Brennaman, with 3 minutes left in the game:  “The Bears offensively have 83 yards.  83.” ~ Wait, maybe it IS worse when they repeat it.  Eh, who gives a shit?!  We SUCK!!

The Bears were allowed to smile once all game.
And it came from a guy named after Corduroys.

Brennaman:  “Trubisky airing it out.  Down the middle of the field.  SEVERELY under-thrown.  And he’s lucky that wasn’t intercepted.” ~ Wait, did he just call Trubisky lucky?!  The only thing he’s lucky about is that $29M rookie contract being fully guaranteed!

Hey, did you see Trubisky’s eyes?
Damn, that is one aloof whiteboy!

Brennaman, on the Soldierz fans with 9 minutes left:  “And they’re RUNNING for the exits.  It’s gonna be a rough Monday morning in Chicago.”  More like a rough WINTER in Chicago, Thommy!

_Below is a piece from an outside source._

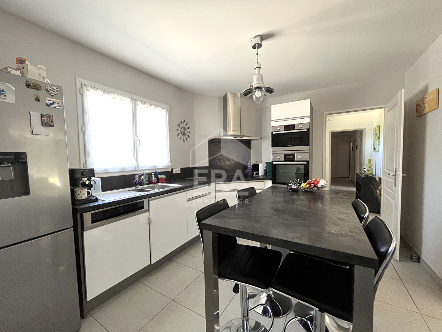 Cette maison d'une superficie de 105 m2 habitables, a été construite en 2005 avec des matériaux de qualités, elle propose au rez-de-chaussée un hall d'entrée avec WC, une cuisine équipée de 9 m², une buanderie, un salon chaleureux avec son poêle à bois de 20 m², ainsi qu'une salle à manger lumineuse de 22 m², donnant sur une agréable terrasse couverte proche de la piscine.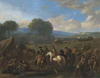 | Soldiers and horsemen resting in a military encampment, in a wooded valley | |

The Saints tried to sneak in a little thunder-munching of their own!

Announcer Troy Aikman, on the Bear’s D:  “They got their doors blown off here this afternoon…against a depleted unit.  That was not good at all.” ~ Eeew.  Usually, that “blown doors” metaphor is reserved for situations involving either diarrhea, or explosive diarrheaLike the term “He got his titties ripped.”  That should only be used when referencing a pitcher who got his titties ripped.  Or gave up a lot of runs.

Even Jussie said the Saints were mean to Trubisky.  Sad.

Matt “I’ll Be Updating My Resume Tomorrow” Nagy, when asked if he’s still committed to Trubisky:  “Absolutely.” ~ I kinda expected him to respond before the question was even finished, “Oh fuck no.  FUUUUUCK no.  What are you, crazy?!  No!  There is no fucking way.  He’s already on a bus back to Ohio.  With that fucking cunt putter!”

Nagy checking the Greyhound bus schedule to Ohio

Lance Briggs, on what advice he has for the Bears moving forward:  “Here’s an old school technique.  We haven’t used it in a while, but it’s prevalent throughout the league.  Prayer.  You guys need to get together, do some prayer, and re-focus.” ~ I have no words.

I mean, that’s definitely one thunder-munched mofo right there!

BEAR DOWN!

#ThoseLuckyNaziBastards
#StillPunting
#AreYouAboutToYawnOrDidYouJustGetThunderMunched
#OneAloofWhiteboy
#BlownDoorsIsReservedForDiarrhea
#FuckingCuntPutter
#LetsDoSomePrayer

© 2019

One Response to “6. It’s Official: Trubisky Sucks, The Bears Blow, And Nagy’s Days Are Numbered”

  1. Mama Bear Says:

    Sad. Painful to watch…..so sad. What the hell happened? No inspiration, no athleticism, no nothin’!! Just sad. Like you said….long winter in Chicago!!